These days the term appears everywhere, and in practical use has the effect as a “thought stopper”. As soon as some clown says “Watcha got there, a conspiracy theory?”, the term “tinfoil hat” makes its way into the conversation, and the skeptical person is cowed into silence by those of lesser intelligence. In other words it is a tool, used by clowns, to prevent smart people from speaking their minds in public. It is simply brilliant.

This morning I took a trip through the 1400-word memo. It was written by Clayton P. Nurnad, and there is no biographical data available on him. Ancestry.com turns up no information on such a person. Forebears.io/surnames, with a database of 31 million names, turns up no Nurnad. Given that, I think it safe to speculate the name is made up, typical of a spook agency. We have no idea who wrote it.

I have underlined various sentences and phrases I found interesting.  I note with interest that:

  1. The document relies on the two-party system and disagreements between them as a real thing, so that it says that Gerald R. Ford, a Republican, would not hold his tongue for sake of Democrats, and likewise Senator Richard Russell, a Democrat vs Republicans. CIA surely knows this to be nothing more than a masquerade.
  2. Further, it states that Oswald was a loner, and so would not /could not be a CIA employee. (Not necessarily that, but this man Oswald, an actor, was a good one.)
  3. Finally, it suggests CIA employ “propaganda assets” to negate and refute critics of the Warren Report. (I do wish this Nurnad guy had named them.)
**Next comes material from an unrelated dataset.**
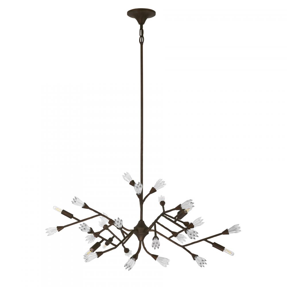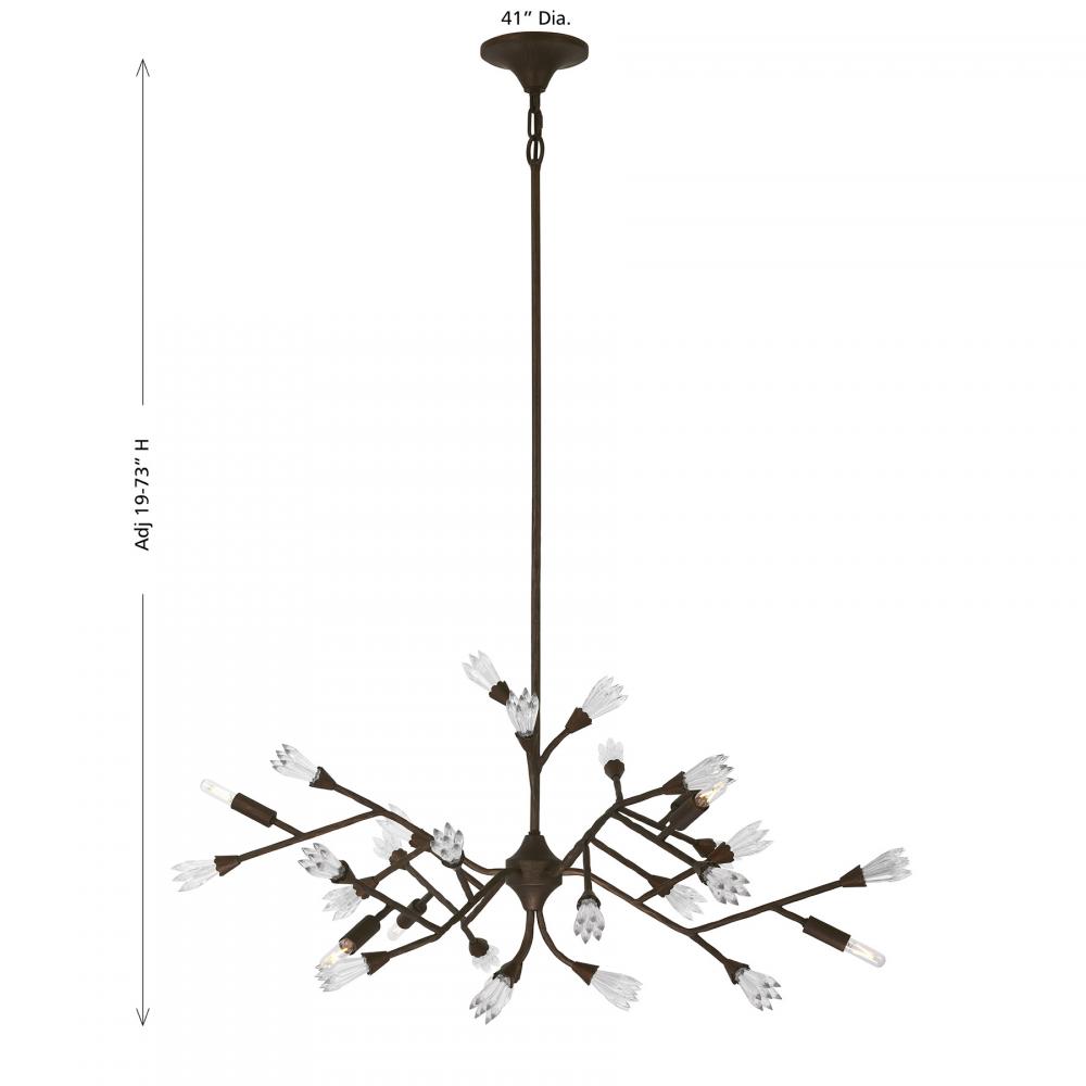 The organic meets the glamorous in the Savoy House Malinda 6-light chandelier, which was designed by award-winning interior designer and TV host Breegan Jane. Boldly textured metal branches hold faceted crystal spears that blossom forth like edgy flowers. It is all finished by hand in Bark, a dark bronze finish that imparts texture and intrigue. Malinda is 41" in width and has an adjustable height ranging from 19" to 73". It uses six candelabra size bulbs of up to 60 watts per bulb. Bulbs not included. Comes with four 12" downrods and one 6" downrod.

There’s more than that to digest, of course. But do note that the word “conspiracy” appears only six times, and “conspiracy theorist only once. However, since the time of this memo, the words have become common fodder for those of lamer perceptive abilities to crush detractors by use of the CT meme, and other pejoratives like “tinfoil hats.” Did this memo intend to set off such a parade of num-nuts in charge? I doubt it. That came later. However, while TV and crime and news shows often show conspiracies among Arabs (terrorists), Mexicans (cartels), pedophiles (Epstein), Italians (mobsters), Chinese (everywhere!!!), and on and on, they do maintain the fiction otherwise expressed in the memo, that conspiracy on the large scale would be impossible to conceal in the United States. This I assume because someone would talk, and further that we have a real journalists and a burrowing news media.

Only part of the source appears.